With both ends included, repeat exactly the lines of the entries below from the one containing "วันที่ 4 กันยายน" down to the one containing "To get the impedance", and no others.

MATERIAL PROVIDED:
= = = =

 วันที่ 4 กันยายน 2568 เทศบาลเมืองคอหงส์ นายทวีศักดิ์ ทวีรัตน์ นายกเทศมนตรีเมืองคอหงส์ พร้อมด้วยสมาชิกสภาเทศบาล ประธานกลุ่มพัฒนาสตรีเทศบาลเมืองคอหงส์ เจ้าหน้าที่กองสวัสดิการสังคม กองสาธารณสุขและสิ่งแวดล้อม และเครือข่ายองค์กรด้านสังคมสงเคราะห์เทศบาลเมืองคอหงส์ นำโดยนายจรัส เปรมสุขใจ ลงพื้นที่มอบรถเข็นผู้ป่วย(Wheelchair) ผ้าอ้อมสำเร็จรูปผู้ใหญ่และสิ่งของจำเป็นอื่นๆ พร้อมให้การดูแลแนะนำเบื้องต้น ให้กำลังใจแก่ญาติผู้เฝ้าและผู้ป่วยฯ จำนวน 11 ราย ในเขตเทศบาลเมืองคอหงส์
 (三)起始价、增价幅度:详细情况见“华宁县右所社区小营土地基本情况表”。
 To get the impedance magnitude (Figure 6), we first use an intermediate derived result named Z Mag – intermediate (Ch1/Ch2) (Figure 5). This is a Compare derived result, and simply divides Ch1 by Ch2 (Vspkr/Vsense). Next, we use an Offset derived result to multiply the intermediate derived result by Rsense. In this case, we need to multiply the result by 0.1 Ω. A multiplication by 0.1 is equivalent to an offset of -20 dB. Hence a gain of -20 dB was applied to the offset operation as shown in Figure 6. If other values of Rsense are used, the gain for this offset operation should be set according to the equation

= = = =

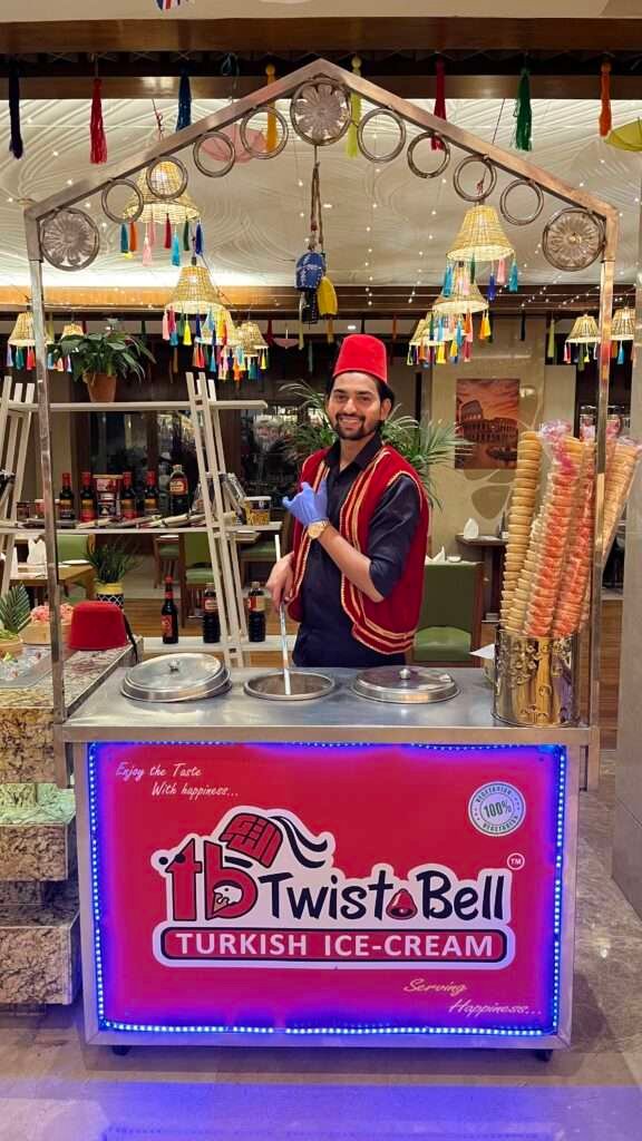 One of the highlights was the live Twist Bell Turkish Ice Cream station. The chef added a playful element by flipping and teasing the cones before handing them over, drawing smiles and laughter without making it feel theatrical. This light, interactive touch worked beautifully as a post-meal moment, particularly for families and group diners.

= = = =

RESPONSE TO THE EXERCISE:
 วันที่ 4 กันยายน 2568 เทศบาลเมืองคอหงส์ นายทวีศักดิ์ ทวีรัตน์ นายกเทศมนตรีเมืองคอหงส์ พร้อมด้วยสมาชิกสภาเทศบาล ประธานกลุ่มพัฒนาสตรีเทศบาลเมืองคอหงส์ เจ้าหน้าที่กองสวัสดิการสังคม กองสาธารณสุขและสิ่งแวดล้อม และเครือข่ายองค์กรด้านสังคมสงเคราะห์เทศบาลเมืองคอหงส์ นำโดยนายจรัส เปรมสุขใจ ลงพื้นที่มอบรถเข็นผู้ป่วย(Wheelchair) ผ้าอ้อมสำเร็จรูปผู้ใหญ่และสิ่งของจำเป็นอื่นๆ พร้อมให้การดูแลแนะนำเบื้องต้น ให้กำลังใจแก่ญาติผู้เฝ้าและผู้ป่วยฯ จำนวน 11 ราย ในเขตเทศบาลเมืองคอหงส์
 (三)起始价、增价幅度:详细情况见“华宁县右所社区小营土地基本情况表”。
 To get the impedance magnitude (Figure 6), we first use an intermediate derived result named Z Mag – intermediate (Ch1/Ch2) (Figure 5). This is a Compare derived result, and simply divides Ch1 by Ch2 (Vspkr/Vsense). Next, we use an Offset derived result to multiply the intermediate derived result by Rsense. In this case, we need to multiply the result by 0.1 Ω. A multiplication by 0.1 is equivalent to an offset of -20 dB. Hence a gain of -20 dB was applied to the offset operation as shown in Figure 6. If other values of Rsense are used, the gain for this offset operation should be set according to the equation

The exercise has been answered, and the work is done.